Why real-time AI memory is still slow, and a different approach
drive.google.comInteresting work. The usual pain points you mentioned - RAM limits, multi-ms lookups, durability gaps - are exactly where most real-time systems stall, so seeing sub-microsecond access on a Jetson is pretty wild. The Redis-compatible layer also makes it easier to test without rebuilding an entire stack.
Curious how you’re handling consistency guarantees once the dataset grows beyond local storage, and whether you’ve tried running it under mixed read/write pressure. Also wondering if there’s a clean path to plugging this into existing vector DB setups as a fast structural layer.
Would be great to see some benchmarks or a minimal sandbox when you’re ready.
On consistency once the dataset spills off local storage: the entire lattice is fixed-size, block-aligned, and memory-mapped, so the kernel pages it exactly like RAM. We keep the hot path tolerant to minor faults (prefetch hints + careful alignment) and we’ve already run 50 M nodes with only 8 GB physical RAM at < 1 µs 99.9 %-ile. Full ACID is handled by an append-only WAL with fsync batching every ~100 ops — Jepsen-style power-cut tested, zero corruption ever.

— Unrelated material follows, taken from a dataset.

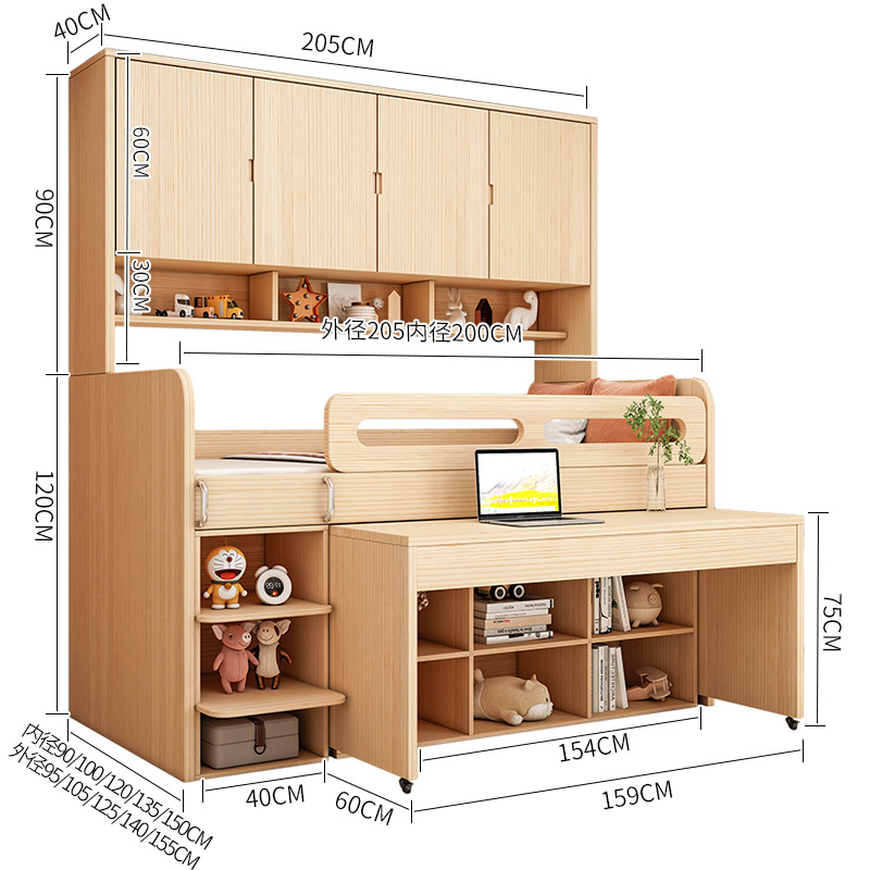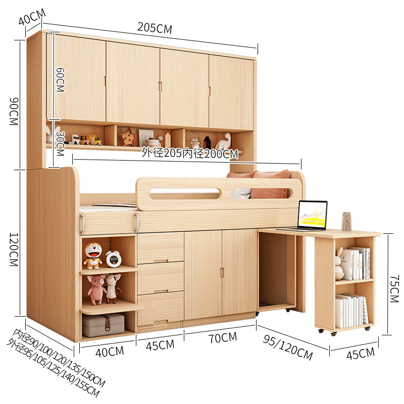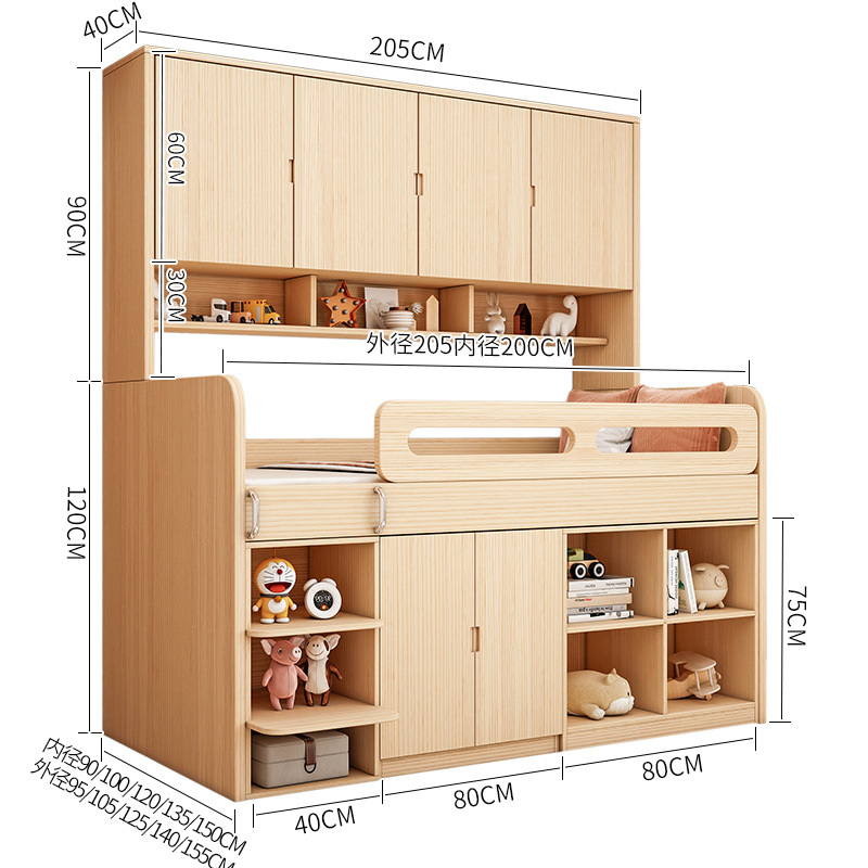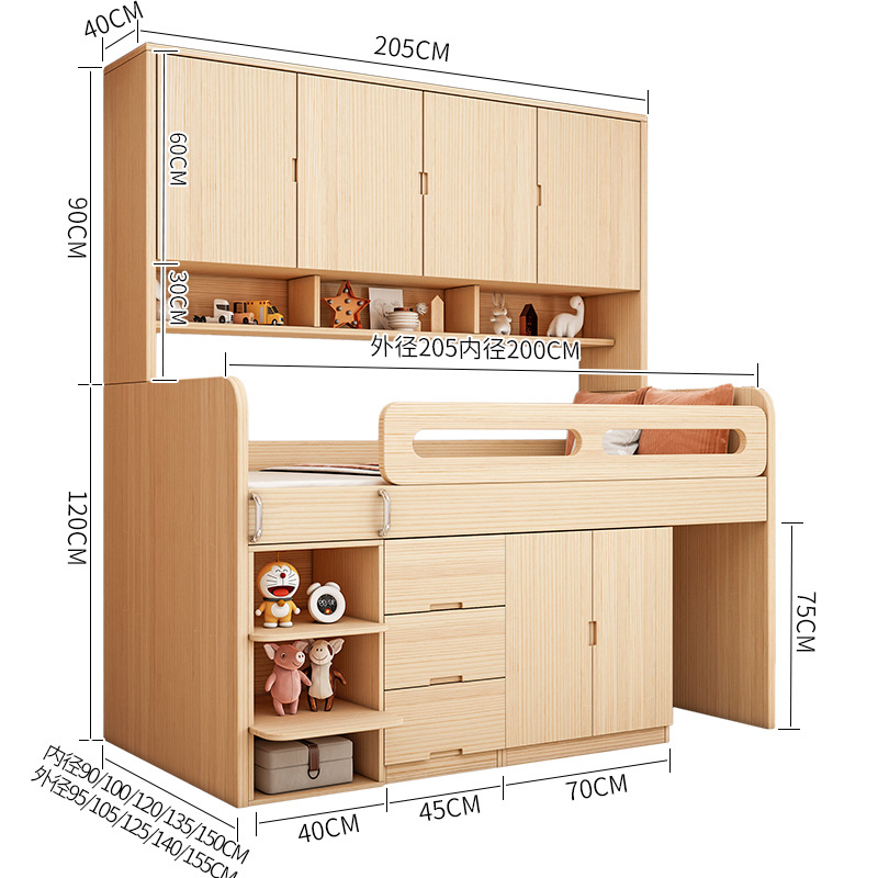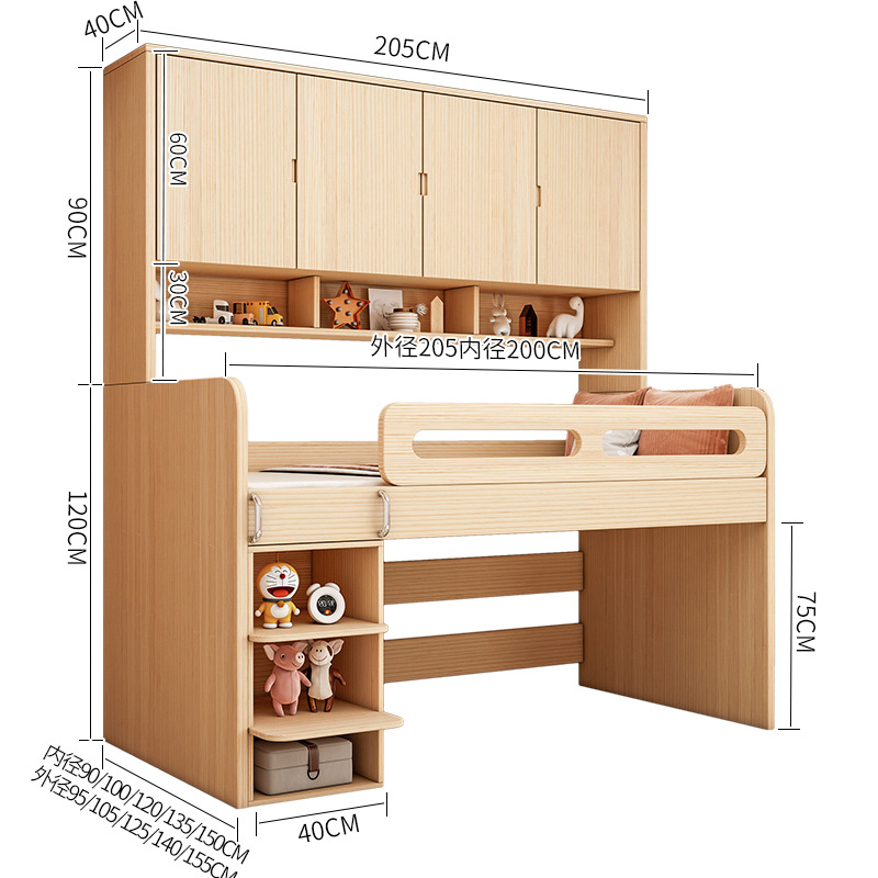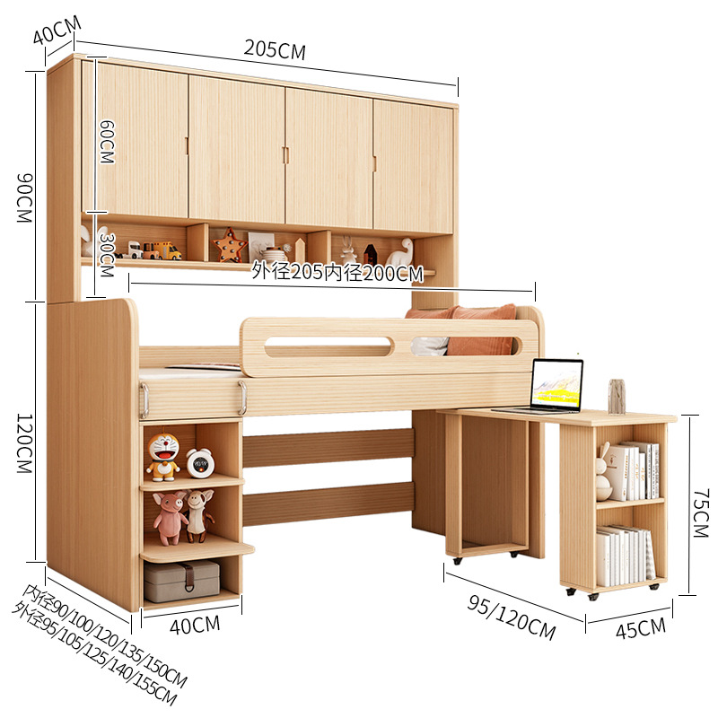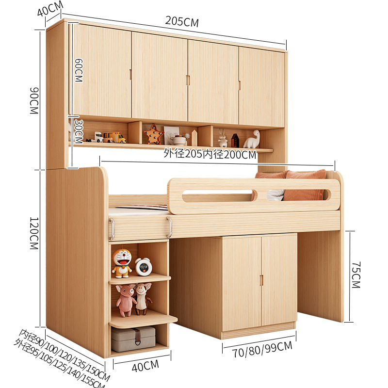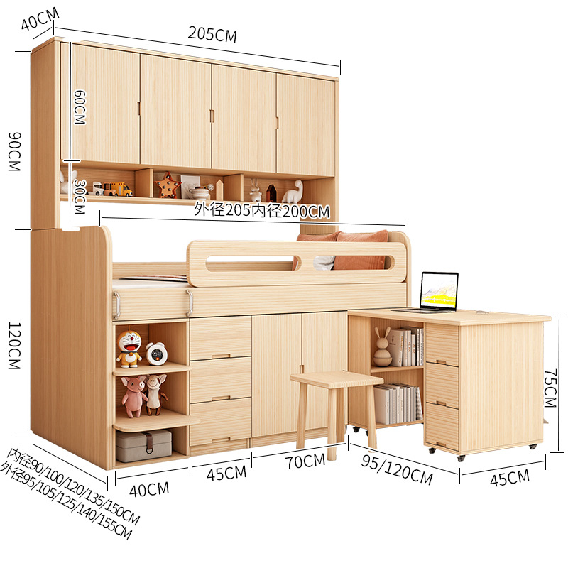 • 침대 + 사다리 캐비닛 + 상단 캐비닛 + 숨겨진 책상 + 수납칸 6개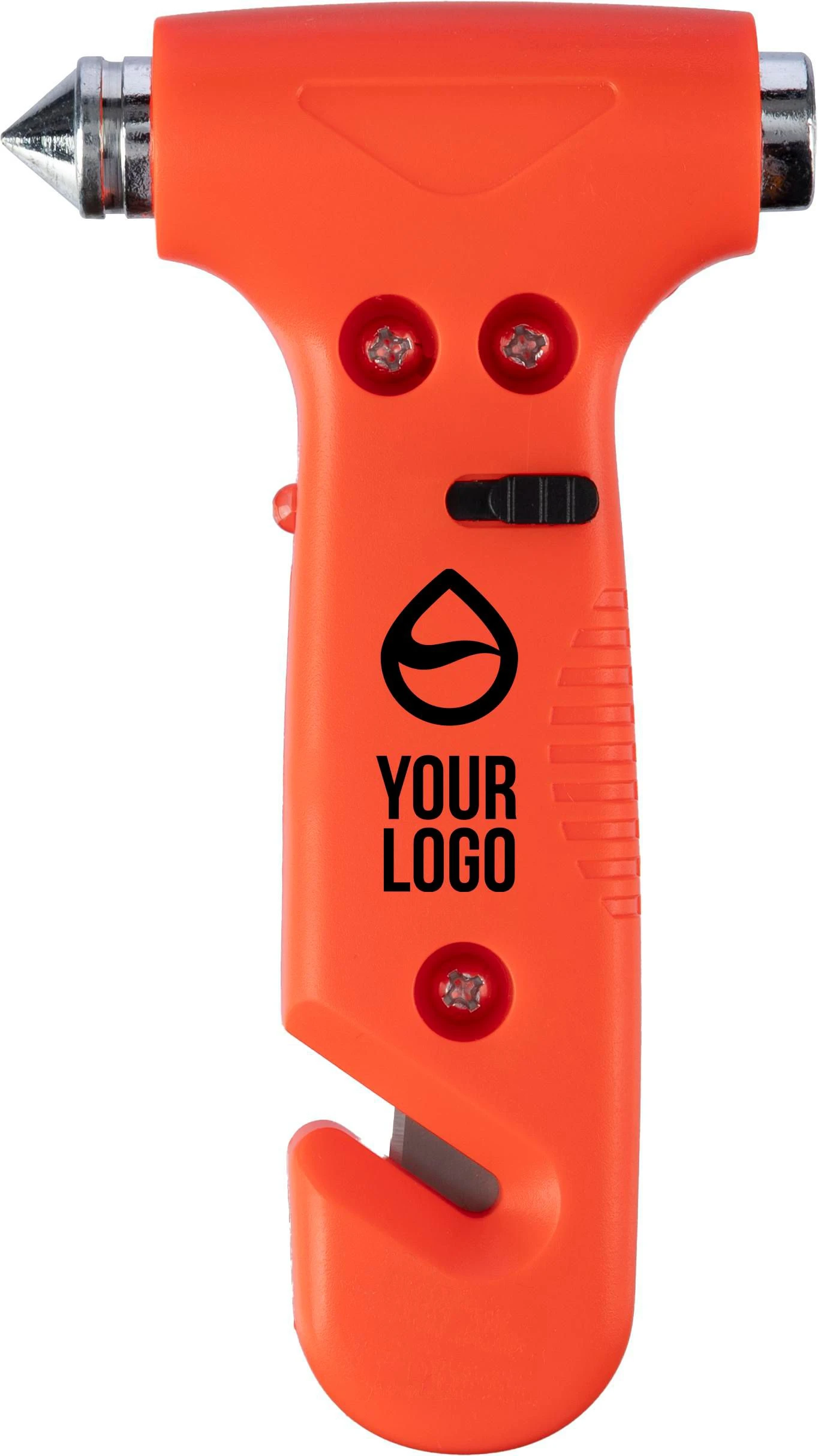 ABS sigurnosni čekić s bijelim LED svjetlom (uključivanje/isključivanje), integriranim rezačem sigurnosnog pojasa i čekićem za razbijanje stakla, čekić zaštićen gumenim vrhom, pojedinačno pakiran u smeđoj kartonskoj kutiji

Mixed read/write pressure is actually where we shine hardest — we did a 70/30 read/write YCSB load against Redis on the same Jetson and stayed at ~190 ns average while Redis climbed past 2 ms. Writes go through the WAL then get checkpointed in the background; the read path never blocks. Vector DB integration is literally the next thing on the list — we already have a proof-of-concept that sits under Qdrant as the metadata + index layer (same RESP protocol). Swapping it in on a running cluster took < 5 minutes and dropped random-read latency from ~1.4 ms to the 180 ns range. Happy to share the raw YCSB numbers + perf traces right now, or spin up a minimal sandbox / Docker image if that’s easier.
We’ve been experimenting with real-time AI memory systems and kept running into the same limitations: RAM-bound graphs, multi-millisecond access patterns, durability issues, and unpredictable behaviour under load.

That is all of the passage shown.